Here's a report that just came out of Dow Jones Newswires (also part of News Corp):
News Corp. (NWS) may break ties with Amazon (AMZN) over pricing terms for the Kindle e-reader, News Corp. Chairman and Chief Executive Rupert Murdoch said Wednesday in a conference call, according to a report on Fox Business Network. Murdoch also said News Corp. is in talks with Sony Corp. (SNE) about making content available on that company's upcoming e-reader, which aims to challenge the Kindle.
Sony just announced it will soon start selling two new electronic readers, including a $199 version that would be significantly cheaper than Amazon's $299 Kindle.
Murdoch has grumbled in the past about Kindle and dropped hints of investing in a rival reader. It's part of a broader unease in the book and newspaper publishing industries about Amazon's terms for selling content through Kindle -- and the fact that Amazon is the dominant player in the emerging e-reader market (the publisher of the Dallas Morning News complained in a U.S. Senate hearing this May that Amazon wants a 70 percent cut of subscription revenue for Kindle editions of his newspaper).

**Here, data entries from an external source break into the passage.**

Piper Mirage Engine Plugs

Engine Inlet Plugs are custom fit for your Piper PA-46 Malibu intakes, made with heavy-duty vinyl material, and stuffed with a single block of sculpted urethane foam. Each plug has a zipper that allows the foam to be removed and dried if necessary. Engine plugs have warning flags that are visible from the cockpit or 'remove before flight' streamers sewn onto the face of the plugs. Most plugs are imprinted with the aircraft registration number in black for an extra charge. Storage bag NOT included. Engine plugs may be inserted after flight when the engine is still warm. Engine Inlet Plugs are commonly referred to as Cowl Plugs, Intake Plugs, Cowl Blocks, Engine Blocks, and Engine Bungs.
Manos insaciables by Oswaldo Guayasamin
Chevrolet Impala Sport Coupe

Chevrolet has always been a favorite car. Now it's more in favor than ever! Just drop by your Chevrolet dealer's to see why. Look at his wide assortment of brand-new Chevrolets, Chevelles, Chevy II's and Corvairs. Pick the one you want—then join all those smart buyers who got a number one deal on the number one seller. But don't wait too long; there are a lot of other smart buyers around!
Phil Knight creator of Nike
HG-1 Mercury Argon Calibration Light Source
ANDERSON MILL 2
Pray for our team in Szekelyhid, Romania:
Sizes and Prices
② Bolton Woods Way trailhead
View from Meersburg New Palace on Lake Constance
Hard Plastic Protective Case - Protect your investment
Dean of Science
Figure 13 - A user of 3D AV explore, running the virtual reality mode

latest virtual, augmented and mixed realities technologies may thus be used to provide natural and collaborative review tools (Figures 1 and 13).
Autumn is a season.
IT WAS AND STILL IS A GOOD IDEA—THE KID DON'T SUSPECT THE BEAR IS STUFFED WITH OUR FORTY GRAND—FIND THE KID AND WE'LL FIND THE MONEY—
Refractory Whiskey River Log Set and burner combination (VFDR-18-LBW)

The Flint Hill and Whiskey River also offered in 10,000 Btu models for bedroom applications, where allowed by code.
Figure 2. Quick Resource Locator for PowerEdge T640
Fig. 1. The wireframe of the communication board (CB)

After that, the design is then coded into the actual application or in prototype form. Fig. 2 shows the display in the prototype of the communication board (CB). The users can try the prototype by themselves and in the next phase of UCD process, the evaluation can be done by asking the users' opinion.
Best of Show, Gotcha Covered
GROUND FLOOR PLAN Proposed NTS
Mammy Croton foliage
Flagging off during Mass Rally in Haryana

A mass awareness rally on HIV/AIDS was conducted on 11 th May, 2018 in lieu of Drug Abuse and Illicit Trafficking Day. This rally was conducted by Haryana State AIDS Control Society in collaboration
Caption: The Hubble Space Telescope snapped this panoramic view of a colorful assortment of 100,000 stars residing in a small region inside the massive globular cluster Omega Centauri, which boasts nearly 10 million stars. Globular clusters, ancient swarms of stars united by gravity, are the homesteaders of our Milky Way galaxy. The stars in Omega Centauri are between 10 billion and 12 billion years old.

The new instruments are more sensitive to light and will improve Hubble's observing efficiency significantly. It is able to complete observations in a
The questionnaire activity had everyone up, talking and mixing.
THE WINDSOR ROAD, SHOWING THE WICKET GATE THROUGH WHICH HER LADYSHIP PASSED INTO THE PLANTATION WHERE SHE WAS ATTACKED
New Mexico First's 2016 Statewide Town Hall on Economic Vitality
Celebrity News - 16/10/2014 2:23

Update: Here's what Murdoch had to say about Amazon and Kindle, in his own words (via Seeking Alpha transcript):
No, we are changing the price of the Journal on the Kindle and we will get a better share of the revenue, though I can't say that I'm satisfied. It's the final result of the [inaudible], but it will be a lot better. But it's not a big number and we're not encouraging it at all because we don't get the names of the subscribers. Kindle treats them as their subscribers, not as ours. And I think that will eventually cause a break between us.
He later said:
Apple is said to be coming out with a reader before the end of the year. Certainly Sony is doing that and we're in active discussions with them and they certainly accept that the subscribers would be our subscribers.
Murdoch is notoriously murky in his comments at times, but it seems like he's saying that the News Corp. negotiated with Amazon to keep more of its revenue from Wall Street Journal Kindle subscriptions, but Murdoch still doesn't think it's a great deal; and Murdoch is not happy with the fact that Amazon doesn't share the names of Wall Street Journal subscribers on Kindle.
It will be interesting to see if he actually dumps Kindle in favor of Apple's rumored tablet or the new Sony readers.